Secondary metabolites present in plants are sythnesized in response to different stress conditions [39]. Few of these secondary metabolites, including flavonoids and other polyphenols are common naturally occurring antioxidants that have been reported to confer a variety of biological activities [40]. Plants rich in polyphenols have been shown to exhibit both antioxidant and antimicrobial properties [41]. Though few Secoiridoid glucosides have been isolated and characterized from J. mesnyi Hance, systematic analysis of its phytoconstitutents has not been carried out. So far, only few reports have been put forth on composition and volatile constituents of essential oil extracted from the J. mesnyi H leaves grown in Nepal [23]. It is known that phytochemical composition of a given plant varies depending on the immediate environment (soil and water), it was necessary to carry out systematic analysis of extracts of J. mesnyi Hance leaf from India. The qualitative screening of different fractions of leaf extract for phytoconstituents revealed the predominant presence of secondary metabolites such as alkaloids, sterols, terpenoid, glycosides in its DEF and HF while EAF and MF were found to be rich in flavonoids and tannins. The presence of these phytochemicals (flavonoids, glycosides and phenols) in leaf extract of J. mesnyi Hance is in line with its reported antioxidant and antihyperglycemic activities [24]. Ahmed and Beg [42] screened a large number of Indian medicinal plants for their antimicrobial activities and found that the active extracts were rich in phytocompounds including phenols, tannins and flavonoids as major active constituents. Thus, the presence of considerable high concentrations of phenolic compounds (~45-65 mg GAE/g of the extract) together with, glycosides as well as terpenoids in fractionated J. mesnyi Hance leaf extracts indicate their potential as antimicrobial agent.
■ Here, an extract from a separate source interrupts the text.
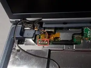 С помощью пинцета отсоедините кабели крышки петли от материнской платы.
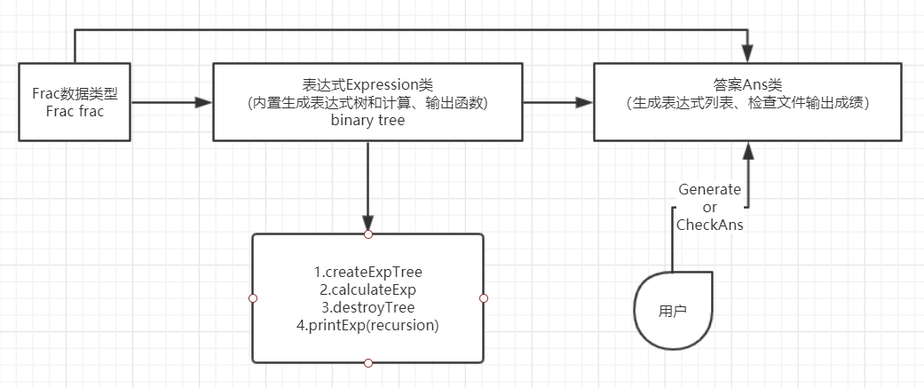 1 class Expression : public Frac { 2 public: 3 struct treeNode { 4 Frac data; 5 treeNode* lchild, * rchild; 6 treeNode() { 7 lchild = NULL; 8 rchild = NULL; 9 } 10 }; 11 public: 12 void createBinaryTree(treeNode*& root, int num, int range) { 13 root = new treeNode(); 14 num--; 15 if (num <= 0) { 16 root->data.setNum(range); 17 return; 18 } 19 20 root->data.setOpChar(NOTBRAC); 21 int left; 22 while (1) { 23 left = rand() % num; 24 if (left & 1) break; 25 } 26 createBinaryTree(root->lchild, left, range); 27 createBinaryTree(root->rchild, num - left, range); 28 } 29 void destroy(treeNode*& p) { 30 if (p) { 31 destroy(p->lchild); 32 destroy(p->rchild); 33 delete p; 34 p = NULL; 35 } 36 } 37 Frac calBinaryTree(treeNode*& p, string& path) { 38 if (!p->lchild && !p->rchild) 39 return p->data; 40 Frac left = calBinaryTree(p->lchild, path); 41 Frac right = calBinaryTree(p->rchild, path); 42 path += to_string(left.numerator) + to_string(left.denominator) + to_string(right.numerator) + to_string(right.denominator); 43 44 if (left.numerator < 0) return left; //处理负数 45 if (right.numerator < 0) return right; 46 47 string op = p->data.opChar; 48 if (op == "+") 49 return left + right; 50 else if (op == "-") 51 return left - right; 52 else if (op == "*") 53 return left * right; 54 else { 55 if (right.numerator == 0) { 56 right.numerator = -1; 57 return right; 58 } 59 return left / right; 60 } 61 } 62 bool shouldPrintBracket(treeNode*& p, bool leftOrRight) { 63 if (!p) return false; 64 treeNode* left = p->lchild; 65 treeNode* right = p->rchild; 66 if (!left || !right) return false; 67 68 Frac fatherData = p->data; 69 Frac leftData = left->data; 70 Frac rightData = right->data; 71 if (leftOrRight == LEFT) { 72 if (fatherData.opChar == "*" || fatherData.opChar == "÷") { 73 if (leftData.opChar == "+" || leftData.opChar == "-") 74 return true; 75 return false; 76 } 77 else 78 return false; 79 } 80 else { 81 if (fatherData.opChar == "*") 82 return (rightData.opChar == "+" || rightData.opChar == "-") ? true : false; 83 if (fatherData.opChar == "÷") 84 return (rightData.opChar == "+" || rightData.opChar == "-" || rightData.opChar == "*" || rightData.opChar == "÷") ? true : false; 85 if (fatherData.opChar == "+") 86 return (rightData.opChar == "+" || rightData.opChar == "-") ? true : false; 87 if (fatherData.opChar == "-") 88 return (rightData.opChar == "+" || rightData.opChar == "-") ? true : false; 89 return false; 90 } 91 } 92 void recursionPrint(treeNode*& p, ofstream &exerciseFile) { 93 if (!p) return; 94 Frac tmp; 95 if (shouldPrintBracket(p, LEFT)) { 96 exerciseFile << "( "; 97 recursionPrint(p->lchild, exerciseFile); 98 exerciseFile << ") "; 99 } 100 else 101 recursionPrint(p->lchild, exerciseFile); 102 103 p->data.print(exerciseFile); 104 if (shouldPrintBracket(p, RIGHT)) { 105 exerciseFile << "( "; 106 recursionPrint(p->rchild, exerciseFile); 107 exerciseFile << ") "; 108 } 109 else 110 recursionPrint(p->rchild, exerciseFile); 111 } 112 };

Borar et al. reported only traces of flavonoids in ethyl acetate fraction obtained from methanolic leaf extract of J. mesnyi Hance [24]. The difference in the flavonoid levels in EAF in the present study and that reported by Borar et al. [24] could be attributed to the extraction procedure employed in the two studies.

The parent ethanolic fraction inhibited the growth of all the test bacteria, thus showing its potential as an effective antibacterial agent. Different solvent extracts also showed growth inhibitory properties against a broad range of bacteria including both Gram- negative and Gram-positive, though to a varying degree. Among various test fractions, DEF showed significant growth inhibition in all test organisms, with maximum and minimum inhibition of V. parahaemolyticus and E. coli growth, respectively. The HF was found to be more effective against Gram-positive bacteria in comparison to Gram-negative bacteria. Our results are in agreement with that reported by Campos et al. that hexane extract of Piper solmsianum C. DC. var. solmsianum (Piperaceae) significantly more effective against Gram-positive bacteria (MIC range - 10μg/mL to 100μg/mL) in comparison to gram-negative bacteria (MIC > 1000μg/mL) [43]. The varying degree of inhibition of bacterial growth by different extracts could be due to the presence of different phytocompounds in these extracts. Growth inhibitory effect of the fractionated J. mesnyi Hance leaf extracts on Gram-negative test bacterium V. parahaemolyticus and A. hydrophila is of significance as gram negative bacteria are more resistant towards antibiotics compared to Gram-positive bacteria [44]. Also, the presence of flavonoids and phenols in different fractions, that are known to possess antioxidant activity, in the test fractions advocates its promising use in developing cost effective therapeutic bioactive molecules/preparations with minimum side effects to cure various ailments.

Conclusion

The present study demonstrates the broad-spectrum antibacterial activity of ethanolic extracts and its solvent partitioned fractions of J. mesnyi Hance leaves. The active extracts were found to be predominantly rich in flavonoids and phenols, correlating well with their growth inhibitory potential against the test bacteria. These extracts can be further tested against other drug resistant bacteria. Further purification of effective antibacterial solvent fractions could lead to identification of an antimicrobial molecule that could be used to treat infections caused by the test organisms.